4)1)〜3)を踏まえ、「現状」を分析する
まずは、「すでに手にしている」幸せについて考えてみる。Dさんの場合は、自分で積極的に追い求め、実際に幸せを増大させることができているトピックが、仕事・趣味・人間関係・お金という自身が大切にしている領域の中に、今あるかどうかを考える。
その上で、「すでに手にしている」幸せが見えてくる、またはそういう幸せを実感することができるようであれば、それらをより大切にしてほしい。より尊重してほしい。場合によっては、その状態(=幸せがある状態)を作り上げた自分を褒め、その状態に協力してくれた周囲により感謝してほしい。
そうすることで、自分の幸せをこれまで以上に捉えられるようになり、より精度高く向き合えるようになるのではないかと考えている。
次は、「今は手にできていない」幸せについて考えてみる。ただし、世の中の幸せや、他人の幸せに惑わされてはいけない。

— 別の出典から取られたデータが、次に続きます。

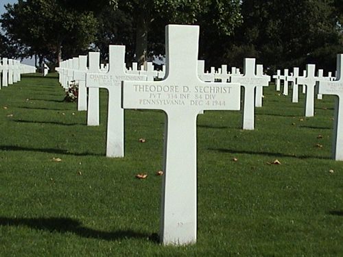 Pvt Theodore D. Sechrist enlisted in New Cumberland, Pennsylvania on 19 April 1944.Source of information: André Koch, Terry Hirsch, www.abmc.gov, www.wwiimemorial.com, www.archives.gov - WWII Enlistment Record, www.ancestry.com - 1920/1940 Census / Hearing-Rogers Family Tree / U.S., Headstone and Interment Records for U.S. Military Cemeteries on Foreign Soil / Veteran Compensation Application File

大事なのはあくまで自分の幸せをベースに考えること。
Dさんのケースであれば、まずは、仕事・趣味・人間関係・お金という自身が大切にしている領域において、より積極的に幸せを追求したいトピックを机上に置く。ここが大事だ。机上には、自分の幸せに関する素材をしっかり置いてほしい。
その上で、「今は手にできていない」幸せ(Dさんでいうと、これから追求したい幸せ、ここから増大させたい幸せ)について、これから何をどうしようか、自分軸で考える。「Dさんの幸せマネジメント」を意識しながら考える。そんな時間も大切にしてほしい。
5)1)〜4)を踏まえ、「これから」を考える。そして行動する。
「すでに手にしている」幸せに、スタンス(幸せに対する姿勢)とアンテナ(幸せに対する感性)を掛け合わせる。すると、「これから」が見えてくる。Dさんの場合は、「自分で積極的に追求し、さらに増大を目指す」というのがこれからの方向性になる。ただし、すでに手にしている幸せが対象なので、どの程度まで増大を目指すのかについては、比較的余裕ある捉え方で良いのではないかと思われる。
この辺りについては、個人の性格・気質・パーソナル特性・その時々の状況なども絡んでくる部分になってくると思うので、自身で定期的に、自分との対話の時間を設けながら進めていく必要があるのではないかと思っている。
続いて、「今は手にできていない」幸せにも、スタンス(幸せに対する姿勢)とアンテナ(幸せに対する感性)を掛け合わせる。Dさんの場合は、「自分で積極的に追求し、これからの増大を目指す」動きが、自分に合ったこれからの動きの一つということになる。今は手にできていない幸せ、これから追求したい自分の幸せに、自身の姿勢・感性を踏まえながらアプローチしていく。
これはまだ、ここからの研究・検証が必要になる話だが、スタンスとアンテナは人によって違う。つまりいくつかのパターンが存在することになる。もしかしたら、自分のパターン以外のパターンを活用することで、新たな可能性が広がり、従来の自分のパターンでは充実が叶わなかった幸せにも、別方向から対応できるようになるかもしれない。そうなると、打ち手は自分の打ち手、そしてオプションとしての複数の打ち手を装備できることになる。このあたりについても将来的な面白さ、可能性を感じている。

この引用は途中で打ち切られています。